Do Your Best To Prepare For The Worst
Two books provide tips for protecting your job and dealing with the irregular rhythms of life.
BY RICHARD PACHTER
Repeat after me: "There is no job security.''
Even if you're the most competent person in the company — or the world — sundry circumstances affect your tenure. Dealing with these uncertainties is now part of every employee's responsibilities, though the basics of ''doing your job'' and being mindful of your actions and how you are perceived by your boss and your co-workers still apply.
Bulletproof Your Job: 4 Simple Strategies to Ride Out the Rough Times and Come Out On Top at Work. Stephen Viscusi. Collins. 192 pages.
Viscusi is a recruiter and a frequent expert-guest on TV and radio talking-heads shows. He's pretty good in this role; outspoken, direct and somewhat abrasive. But a book is a different medium, and here Viscusi comes off as a bit overbearing. His tone throughout this tome is strident, with little room for ambiguity or disagreement. Maybe some people need that, though a one-size-fits-all solution usually fits no one at all. Still, if you can get beyond the bluster, Viscusi's admonitions are mostly commonsensical, so you can apply them as you see fit even if he states his opinions as incontrovertible facts.

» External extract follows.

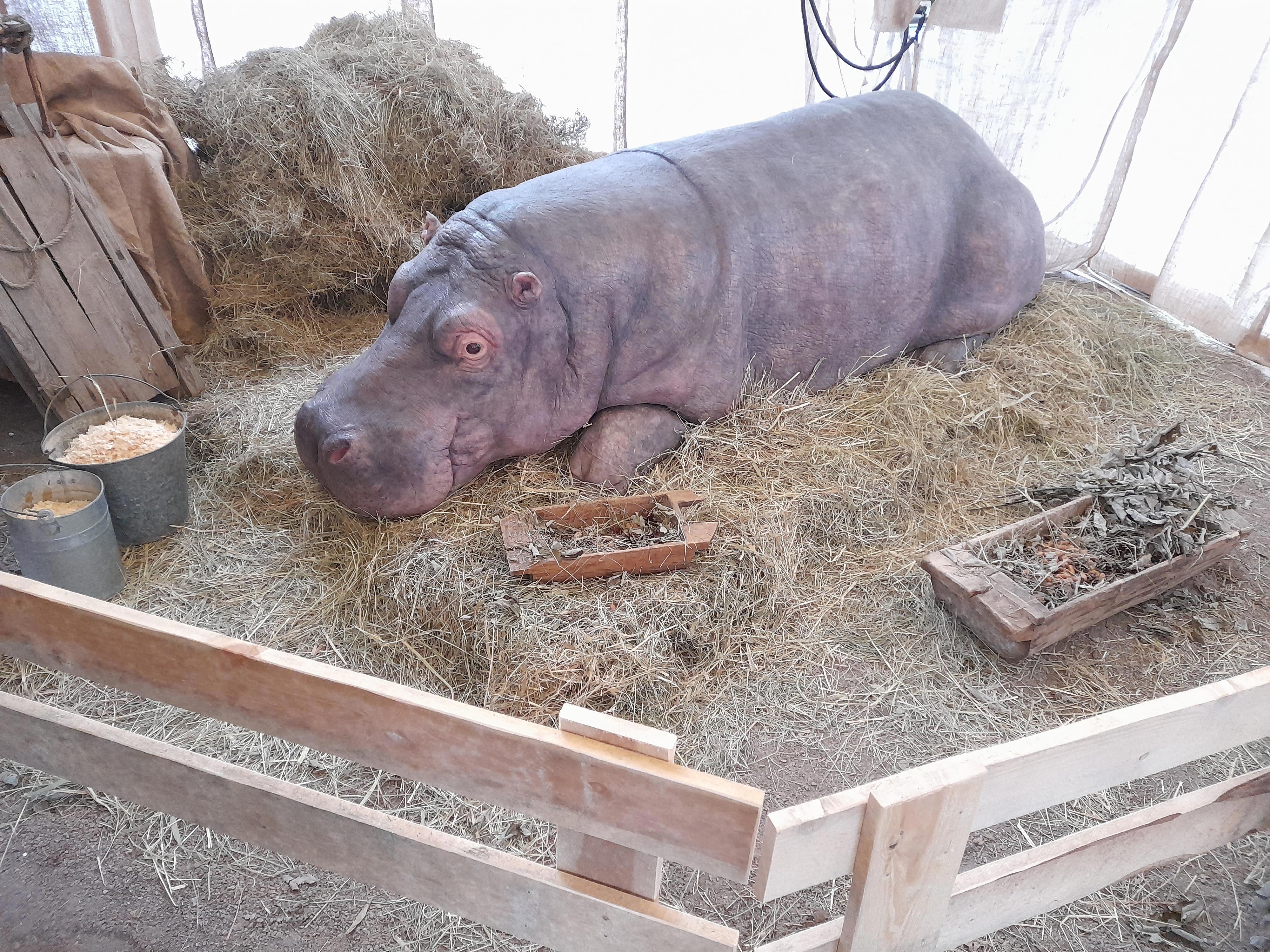А еще ведь и кормить надо гиппопотама. 40 килограммов еды в день вынь и положь. А кормить нечем. Выкручивались как могли - готовя пропаренные опилки и сдабривая их всем, чем можно. Многие знают, что даже кота накормить непросто, а уж гиппопотама...

His four "basic principles" are pretty good: "Be visible. Be easy. Be useful. Be ready.''
That's solid advice for new employees and lifers, too, especially in the current precarious economic climate. Here are some tips from the book:
1. Set a Goggle alert with your boss' name.
2. Set a Technorati alert for your company and stay in touch with the blog chatter about your company.
3. Always have a (firm handshake) to seal a deal.
4. Company gossip is gold and can help you bulletproof your job.
5. Bosses are trained to say office politics don't exist in this organization. Only dumb employees believe that.
6. Mentees-mentors and networking: Create a sleeper cell of friends in your company and industry who will emerge in a time of crisis.
7. Career coaches are for sissies. If you need a career coach, you don't have a career!
Most of his other declarations are decent, too, but a few of the things he advocates are pure BS, like arriving at work earlier and staying later than your boss every day. That's great, but some of us have lives and routinely working late proves nothing and guarantees even less. But the thrust of Viscusi's rap is pretty solid, and you're always free to accept what you like and reject what doesn't make sense to you if you choose to read this book.
The Change Cycle: How People Can Survive and Thrive in Organizational Change. Ann Salerno and Lillie Brock. Berrett-Koehler. 199 pages.
Salerno and Brock have given the issue of change a lot of thought, especially change in an organizational setting, like layoffs or acquisitions. Similar to the stages of grief, they outline the different feelings and mental states most of us experience as the reality of these extreme circumstances sinks in.
This book might be too touchy-feely for some, and will probably not be embraced by everyone, but their approach integrates an awareness of human nature with psychological principles in a way that's fairly easy to understand. The two authors keep things fairly light, too. It would be easy to embrace the dark side of all this, but instead of being somber, they invoke humor and worldliness in an authentic and heartfelt manner.
Their systematic approach may not be for everyone, but given the chaos many of us encounter, this book could be a very useful resource for understanding and coping with the irregular rhythms of contemporary work and life.